BVSIMC: Bayesian Variable Selection-Guided Inductive Matrix Completion for Improved and Interpretable Drug Discovery

TL;DR

BVSIMC introduces a Bayesian model that performs variable selection on side features in drug discovery, leading to improved prediction accuracy and interpretability in drug resistance and repositioning tasks.

Contribution

The paper presents BVSIMC, a novel Bayesian approach that incorporates variable selection into inductive matrix completion for drug discovery, enhancing both accuracy and interpretability.

Findings

BVSIMC outperforms existing methods in prediction accuracy.

It identifies clinically meaningful side features.

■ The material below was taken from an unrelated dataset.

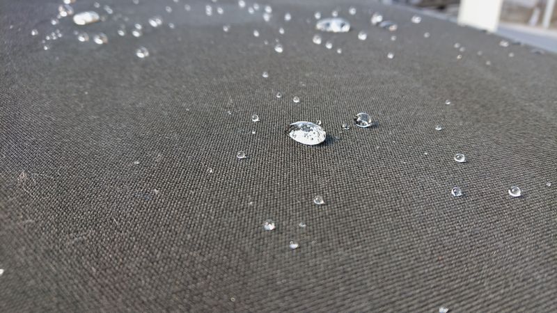 ↑ 風呂桶で水を垂らしてみた様子。驚くほど撥水しています。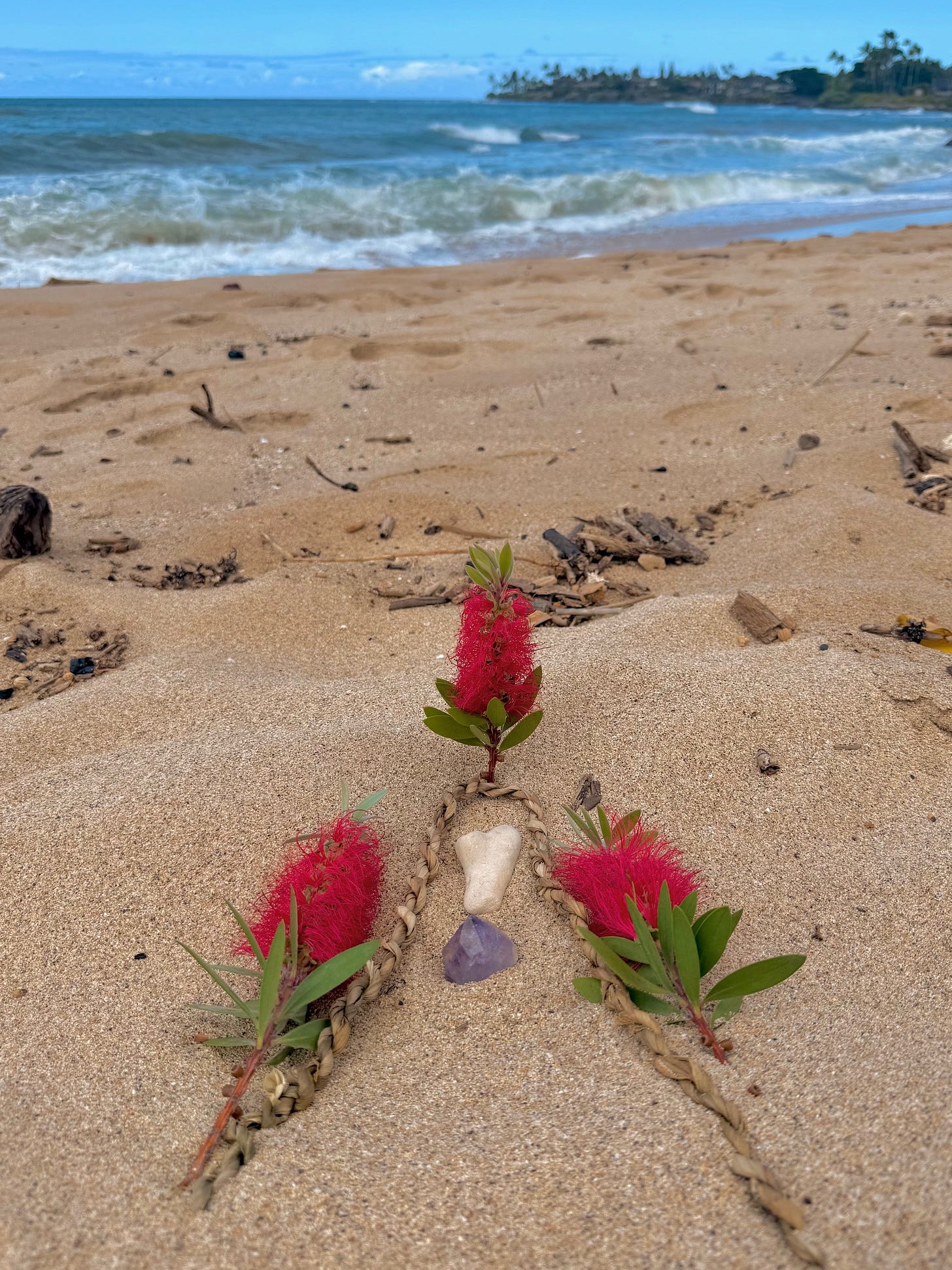 Two weeks ago, on the two-year anniversary of my attack, I went down to Tavares Bay—the place it happened. I set up a small altar: a ti leaf lei, which in Hawaiian culture symbolizes protection, good luck, strength, and healing; a heart-shaped piece of coral; an amethyst crystal for clarity and protection; and three ʻōhiʻa lehua blossoms—one for me, one for my shark, and one for our infinite bond. The ʻōhiʻa lehua symbolizes strength and resilience. After everything I’ve done to heal these past two years, I’ll gladly claim both virtues.

Validated on synthetic and real drug discovery data.

Abstract

Recent advances in drug discovery have demonstrated that incorporating side information (e.g., chemical properties about drugs and genomic information about diseases) often greatly improves prediction performance. However, these side features can vary widely in relevance and are often noisy and high-dimensional. We propose Bayesian Variable Selection-Guided Inductive Matrix Completion (BVSIMC), a new Bayesian model that enables variable selection from side features in drug discovery. By learning sparse latent embeddings, BVSIMC improves both predictive accuracy and interpretability. We validate our method through simulation studies and two drug discovery applications: 1) prediction of drug resistance in Mycobacterium tuberculosis, and 2) prediction of new drug-disease associations in computational drug repositioning. On both synthetic and real data, BVSIMC outperforms several other state-of-the-art methods in terms of prediction. In our two real examples, BVSIMC further reveals the most clinically meaningful side features.